DATA SHOWN START
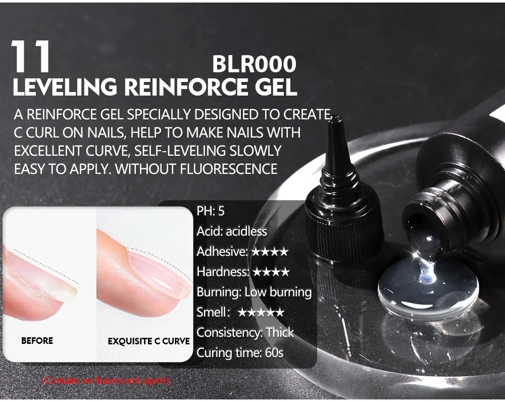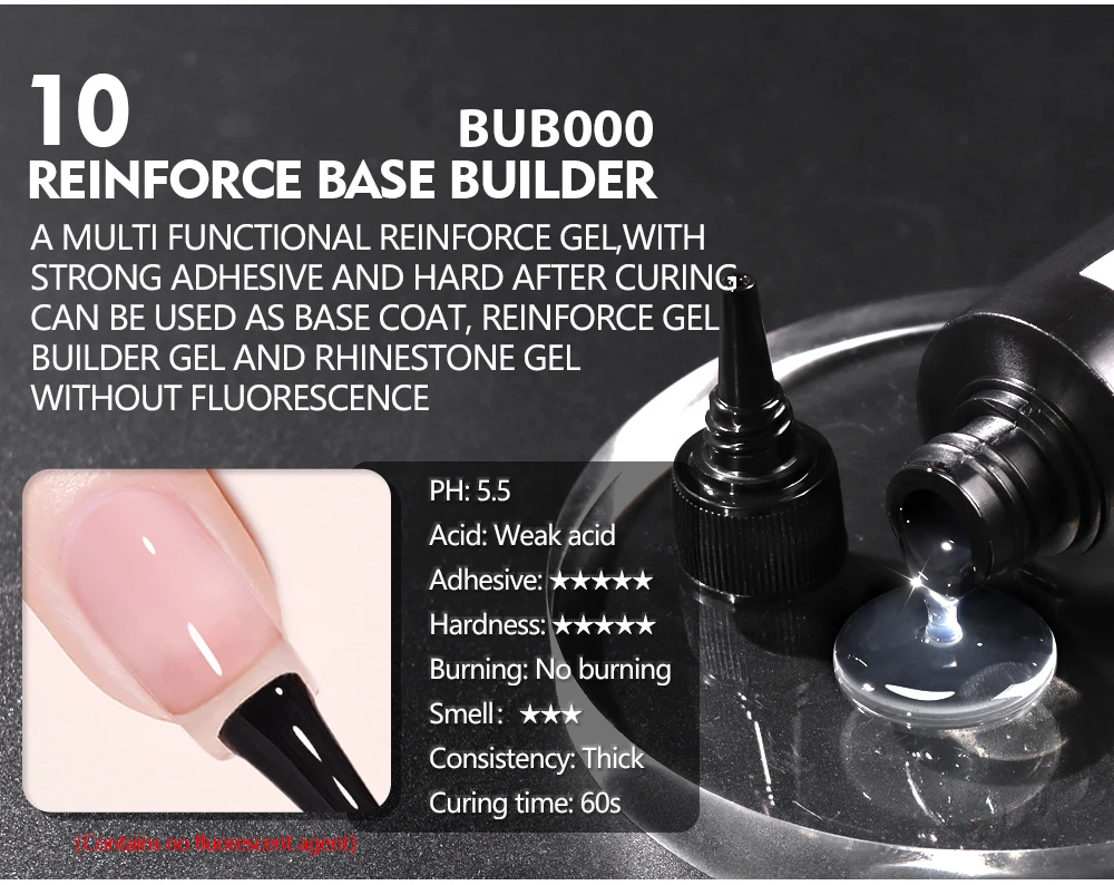 A multi functional reinforce gel, with strong adhesive and hard after curing. Can be used as base coat, reinforce gel, builder gel and rhinestone gel. Without fluorescence.
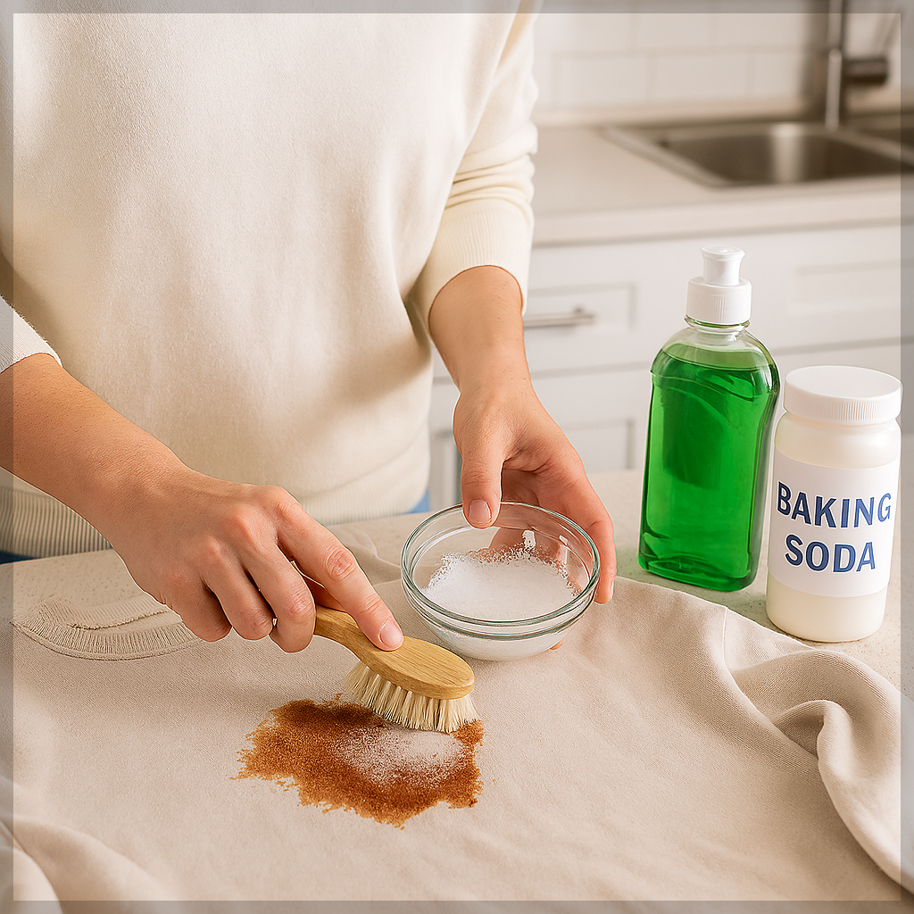 - 옷에 김치 국물이나 커피를 쏟았을 때 당황하지 마세요. 주방 세제와 베이킹 소다만 있으면 얼룩을 쉽게 제거할 수 있습니다. 먼저 따뜻한 물에 베이킹 소다를 녹인 후, 주방 세제를 몇 방울 떨어뜨려 잘 섞어줍니다. 이 용액을 얼룩진 부분에 바르고 부드러운 솔로 살살 문지른 다음 헹궈내면 대부분의 얼룩이 말끔하게 사라집니다.
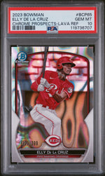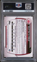 Adding to its allure, this Elly De La Cruz card has been professionally graded by PSA, the industry leader in sports card grading. With a numeric grade of 10, this card has been classified as 'Gem Mint', indicating its premium condition and superior quality. Whether you're a collector seeking to enhance your collection, a Cincinnati Reds fan, or an admirer of De La Cruz, this card is a must-have.
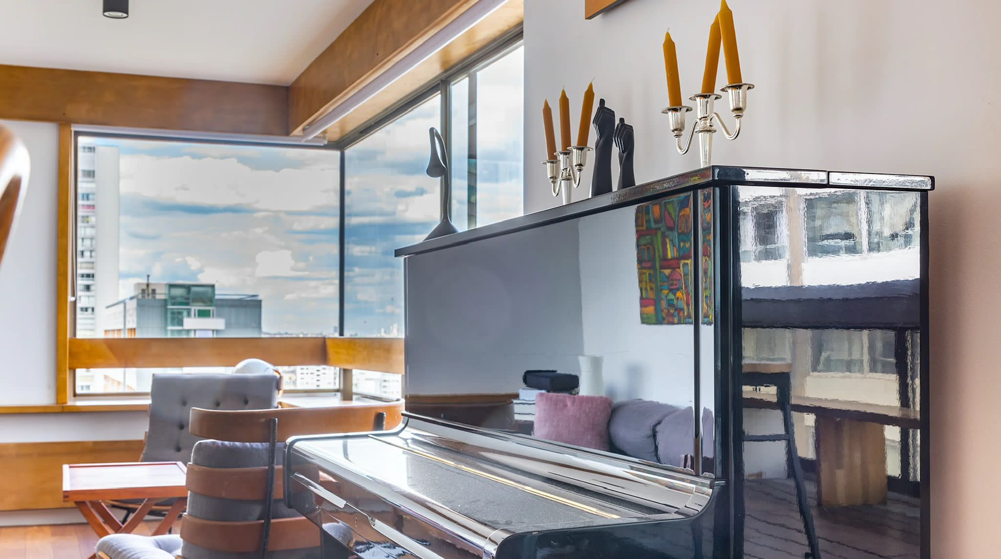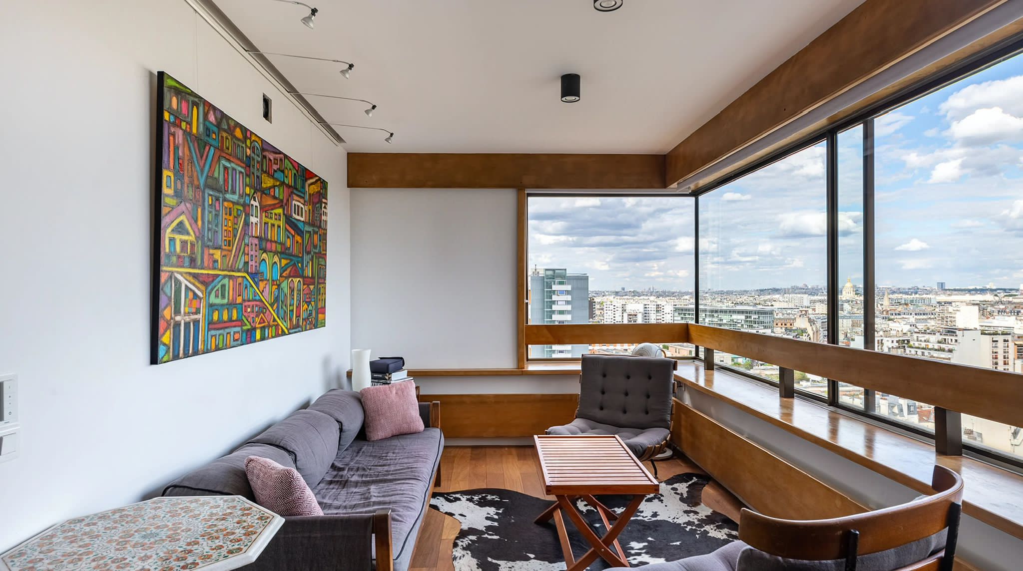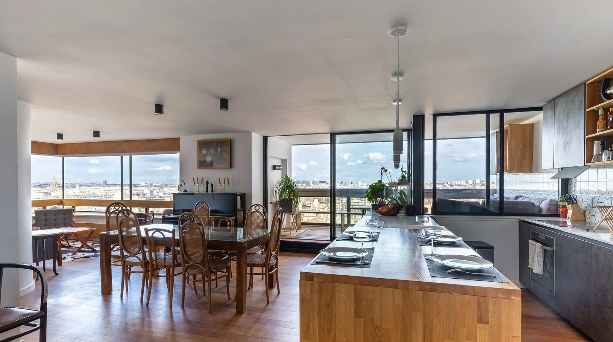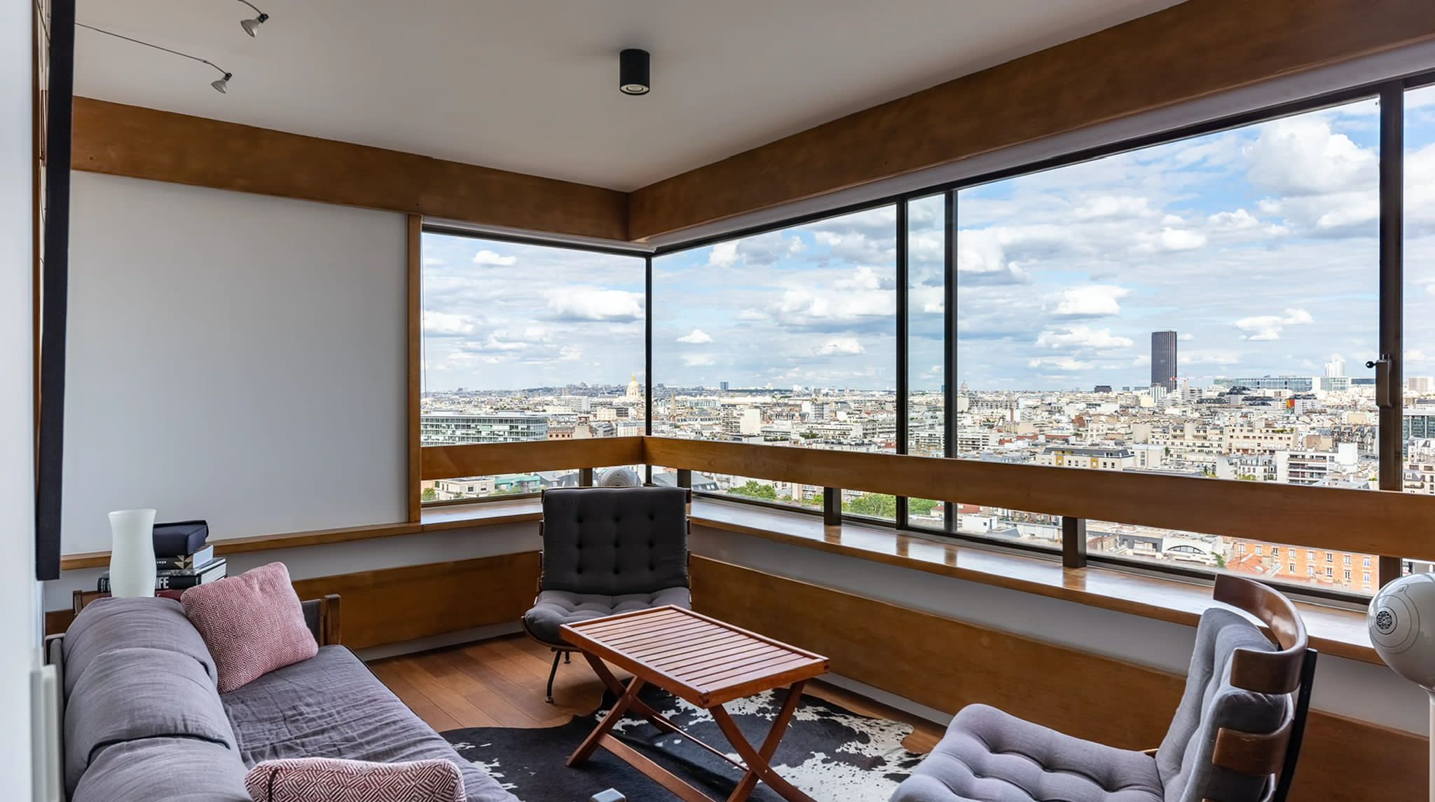L'appartement n'avait été que très peu touché depuis sa livraison originale. Le propriétaire souhaitait pouvoir organiser de belles réceptions intérieures/extérieures avec une cuisine ouverte sur la pièce de vie, autour du piano et d'une belle sono. La nuit, le salon se transforme en une salle de cinéma privée avec le projecteur dissimulé derrière la cloison de la chambre. Les salles-de-bain ont été intégralement refaites et un dressing a été créé afin de libérer l'espace sans compromettre le rangement. Aujourd'hui, dès le franchissement du seuil, la vue panoramique sur Paris s'ouvre au visiteur. Les courbes de l'appartement l'accompagnent dans sa découverte des espaces jusqu'à la terrasse à présent partie intégrante du cœur de la maison.
DATA SHOWN END
EXERCISE PROMPT: Print the listing exactly, minus any pictures.

RESULT OF THIS EXERCISE:
 A multi functional reinforce gel, with strong adhesive and hard after curing. Can be used as base coat, reinforce gel, builder gel and rhinestone gel. Without fluorescence.
 - 옷에 김치 국물이나 커피를 쏟았을 때 당황하지 마세요. 주방 세제와 베이킹 소다만 있으면 얼룩을 쉽게 제거할 수 있습니다. 먼저 따뜻한 물에 베이킹 소다를 녹인 후, 주방 세제를 몇 방울 떨어뜨려 잘 섞어줍니다. 이 용액을 얼룩진 부분에 바르고 부드러운 솔로 살살 문지른 다음 헹궈내면 대부분의 얼룩이 말끔하게 사라집니다.
 Adding to its allure, this Elly De La Cruz card has been professionally graded by PSA, the industry leader in sports card grading. With a numeric grade of 10, this card has been classified as 'Gem Mint', indicating its premium condition and superior quality. Whether you're a collector seeking to enhance your collection, a Cincinnati Reds fan, or an admirer of De La Cruz, this card is a must-have.
L'appartement n'avait été que très peu touché depuis sa livraison originale. Le propriétaire souhaitait pouvoir organiser de belles réceptions intérieures/extérieures avec une cuisine ouverte sur la pièce de vie, autour du piano et d'une belle sono. La nuit, le salon se transforme en une salle de cinéma privée avec le projecteur dissimulé derrière la cloison de la chambre. Les salles-de-bain ont été intégralement refaites et un dressing a été créé afin de libérer l'espace sans compromettre le rangement. Aujourd'hui, dès le franchissement du seuil, la vue panoramique sur Paris s'ouvre au visiteur. Les courbes de l'appartement l'accompagnent dans sa découverte des espaces jusqu'à la terrasse à présent partie intégrante du cœur de la maison.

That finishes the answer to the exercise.